Naturally, the school suggests some self-policing, announcing that all 100 football players will be tested for street drugs (marijuana and cocaine), but will only randomly test 25 football players for steroids.
Any thoughts on why, with the DA worried about steroids, the school will only be randomly testing 25 football players for steroids, while testing them all for street drugs?
Any guess as to which test is more expensive?
–CT

February 9th, 2007 at 8:30 am
It would seem rather than what tests cost (which may be moot if those costs are allocated to different paying parties), that the real question is whether Illegal Recreational Drug use by a few players can legally be extended into an invasive testing regime for all players?
And whether legally that testing can be expanded from Illegal Recreational Drug Testing by testing for Disallowed/Illegal Performance Enhancing Drugs among the whole athlete group?
This DA should be taken to task by the faculty and by the student’s themselves. It is a shame that the School has caved to pressure to do ANY testing as part of a “fishing expedition.”
The school could be seen as in violation of their athletes’ rights by testing without cause.

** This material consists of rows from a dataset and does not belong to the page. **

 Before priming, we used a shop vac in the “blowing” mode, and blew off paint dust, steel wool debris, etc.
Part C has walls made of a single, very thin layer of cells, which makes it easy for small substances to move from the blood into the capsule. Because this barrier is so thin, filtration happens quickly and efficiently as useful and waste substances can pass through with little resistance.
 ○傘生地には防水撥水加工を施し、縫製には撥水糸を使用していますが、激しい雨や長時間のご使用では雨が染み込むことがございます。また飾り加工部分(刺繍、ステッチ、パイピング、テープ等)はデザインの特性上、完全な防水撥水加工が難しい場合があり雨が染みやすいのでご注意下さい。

A DA does not gain license for “fishing expeditions” for infraction “B” among a DA determined target group simply by having a small subset of the target group implicated for infraction “A”.

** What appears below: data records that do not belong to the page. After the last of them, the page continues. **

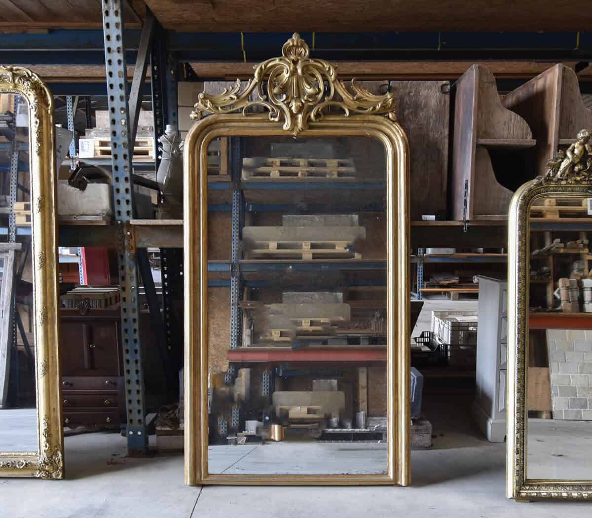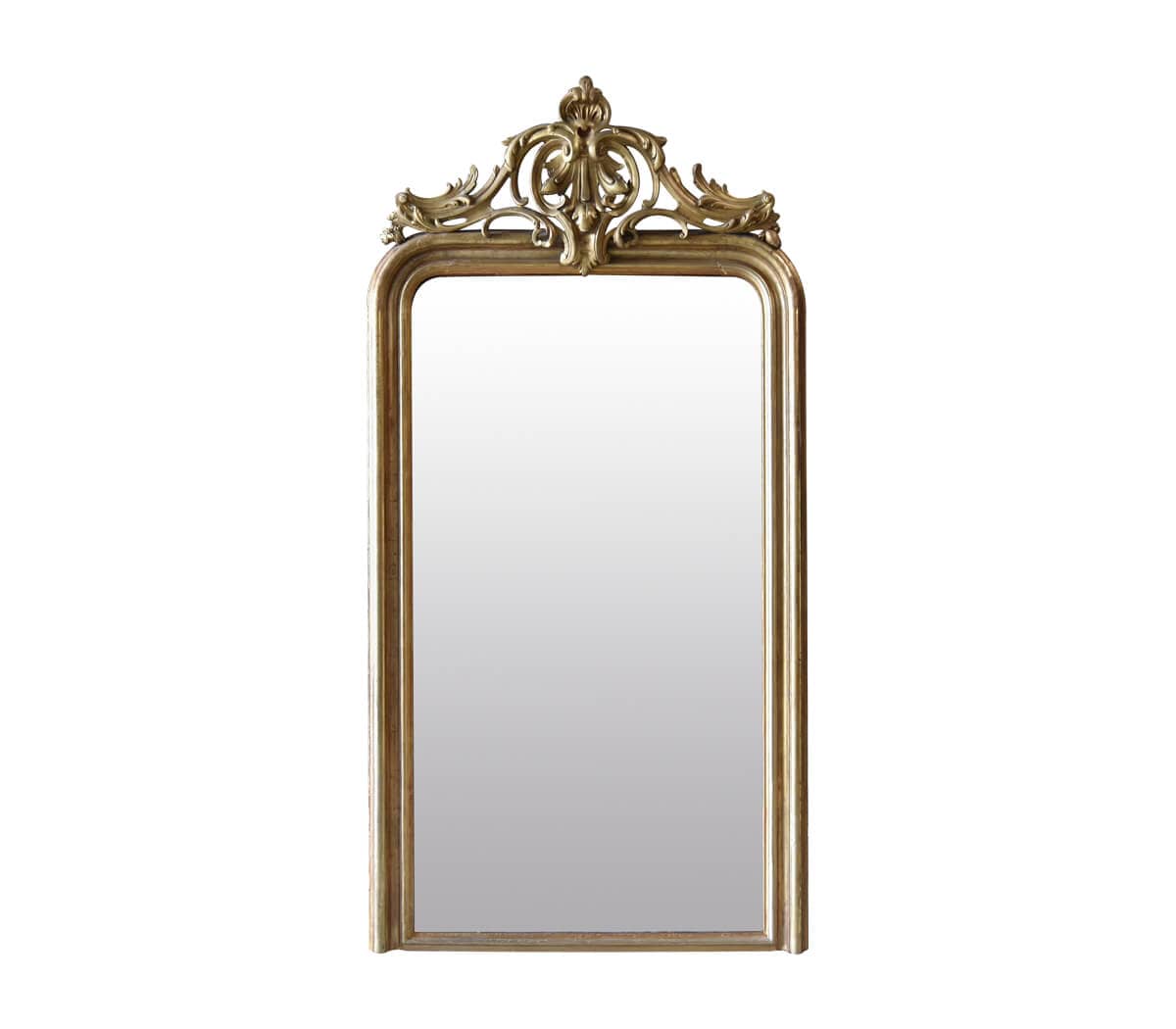 Deze antieke spiegel met strakke lijst en een mooi uitgewerkt ornament.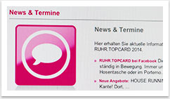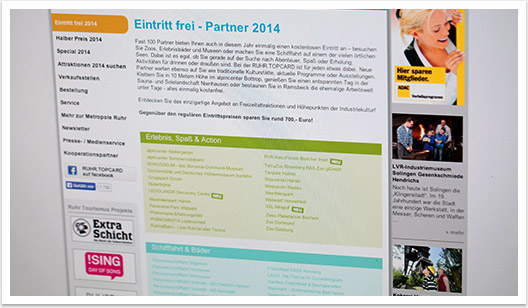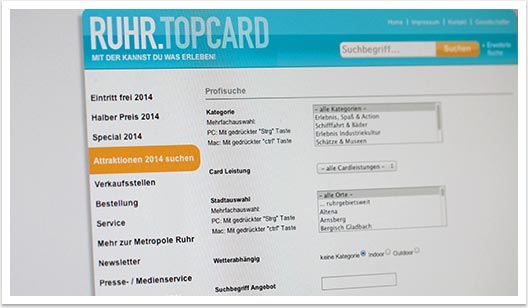 bgp e.media betreut die Internetseite für die RUHR.TOPCARD seit mehr als 5 Jahren. Basierend auf dem e.sy CMS bietet es den Mitarbeitern eine kinderleichte Administration und Aktualisierung aller Inhalte. Alle Informationen zu den Freizeitzielen und den damit verbundenen Card-Leistungen können über eine relationale Suchfunktion abgefragt und gefunden werden. Zudem erhält der Website Nutzer alle notwendigen Informationen zur Bestellung und Nutzung der RUHR.TOPCARD.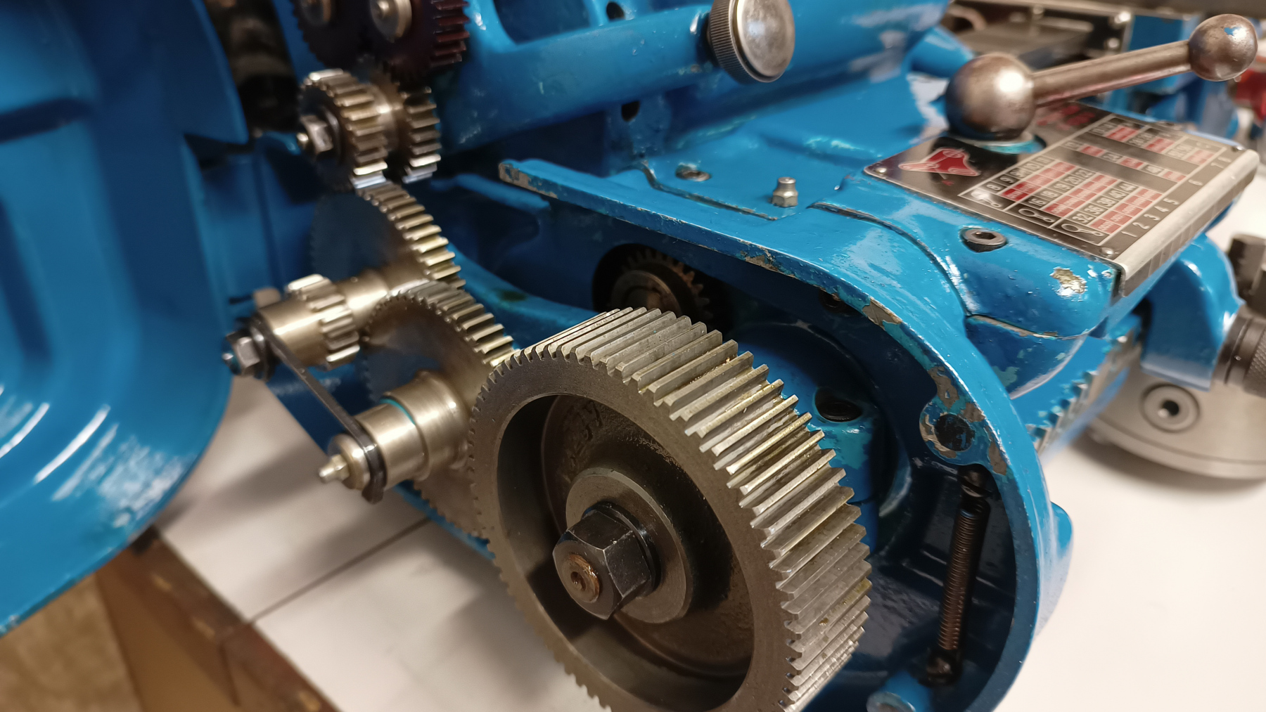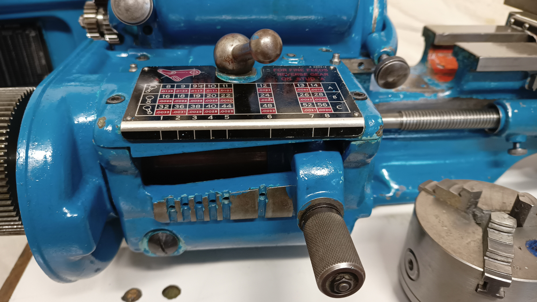It has brand new vee belts on the primary drive motor to countershaft and secondary drive countershaft to headstock, plus a new wiper felt. The hand traverse pinion has also been replaced as the shaft of the original one was looking a bit worn.

An interesting case, which as summarized smacks of civil right violations right & left.
For what it is worth a standard Illegal Drug urine test is quite cheap, whereas the steroid testing is complex lab work, and much more expensive per tested individual.
Steve W
February 9th, 2007 at 8:49 am
I didn’t make clear that two out of hundreds of UW-Stout players, and one former player (out of perhaps thousands of former players) have been charged with both Recreational and/or Performance Enhancing drugs.
Why hundreds & thousands? Because the proposed testing is to be up scaled in Autumn to include all student athletes at University of Wisconsin – Stout.

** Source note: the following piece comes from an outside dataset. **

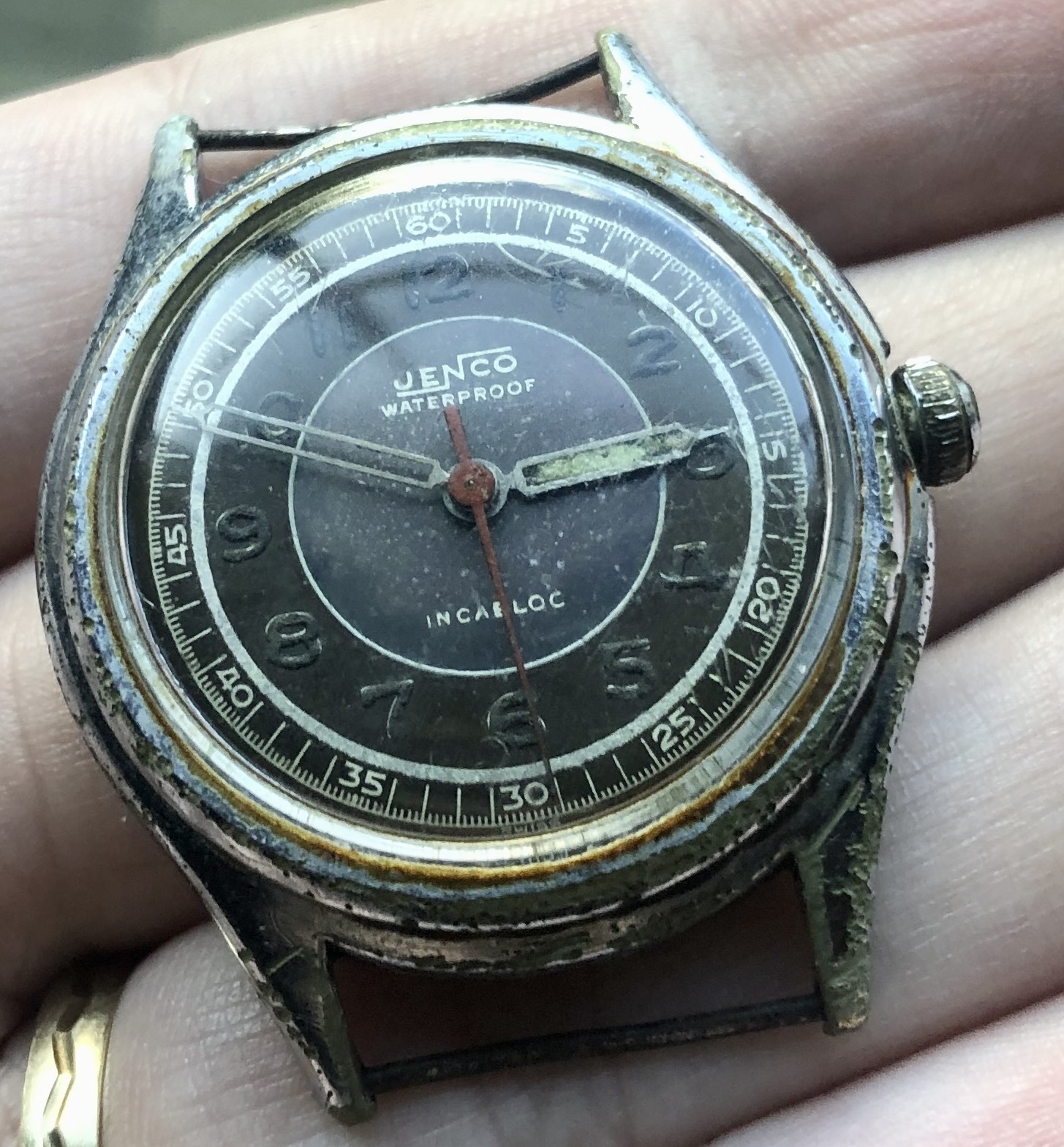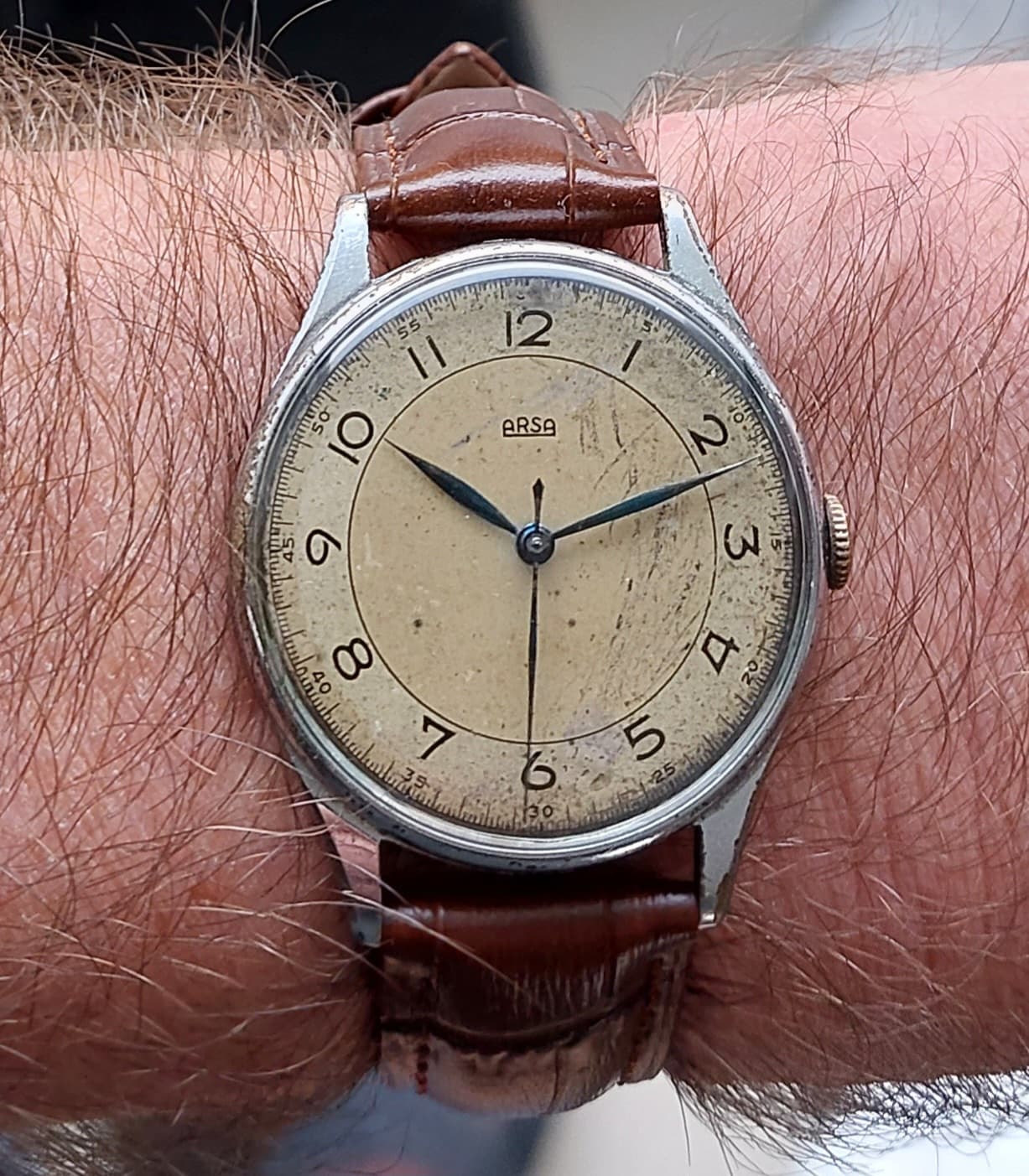 Staybrite kast en een emaille wijzerplaat zijn natuurlijk wel goede ingrediënten om lang mooi te blijven, maar hij lijkt ook niet veel gebruikt. Echt wel een van de toppers van de collectie.
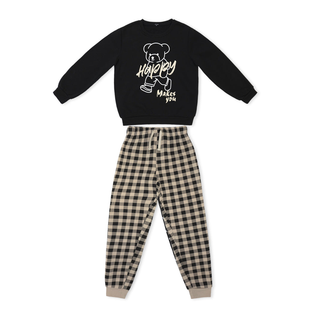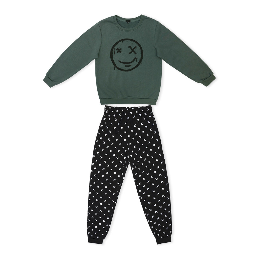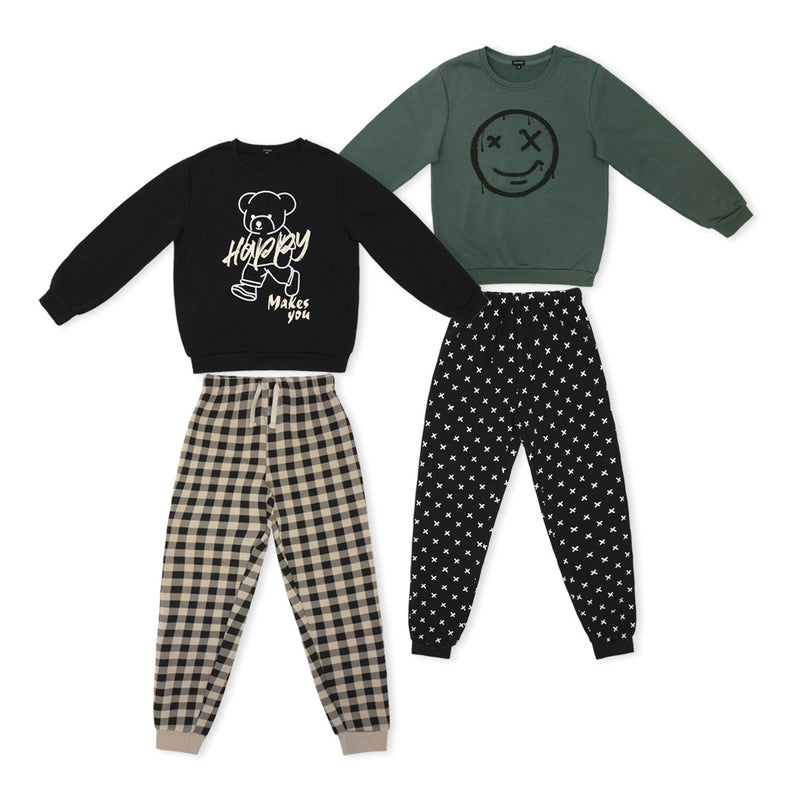 זוג פיג'מות בנים מודפסות בצבעי בז', שחור וירוק

The whole thing reads as a “performance for media” by the UW, as student athletes had already been part of a testing program.
Steve W
February 9th, 2007 at 7:10 pm
Steve,
Thanks for the comments here and elsewhere.
I just threw away my copy of the NCAA’s drug testing program, and I wish I hadn’t. As the article points out, all athletes are tested at the championship level. I am certain that D1 athletes are subject to random drug testing during other times of the season. I don’t know if this applies to DIII athletes.
While I wholeheartedly agree this is “performance for media”, the reason I point out the random testing above is this: if athlets are subject to random drug testing by the ncaa, it is hard for me to believe futher tests (by the school) are illegal. I also agree that the broader issue of whether a drug test can be required by the ncaa (or as a condition of employment) is interesting and we could certainly question (and should) its civil rights status.
I “have a friend” who has been tested both as an athlete, and recently as an application for employment. In both cases, my friend knew 24 hours in advance that they would be tested (I don’t believe the employer is testing for steroids!). The reaction to the test was given by the employer is that it was administered much more strictly – “nervewracking” compared to the NCAA testing, having actual controls in place for the employment test.
One could wonder how the UW-Stout test will be administered, and if the details will be part of the “performance”. Doubtful.
Be all this as it may, lest my students miss the simpler point I was hoping to make, and which you quite correctly pointed out, is that even when creating something as nebulous and “media performance”, firms (or universities) will respond to the prices of inputs.
While we could argue about how valuable the steroids tests are for this “peformance” (relative to the value of the street drug tests), the fact that a steroid test is 3-4 times more expensive than a street drug test is part of the story.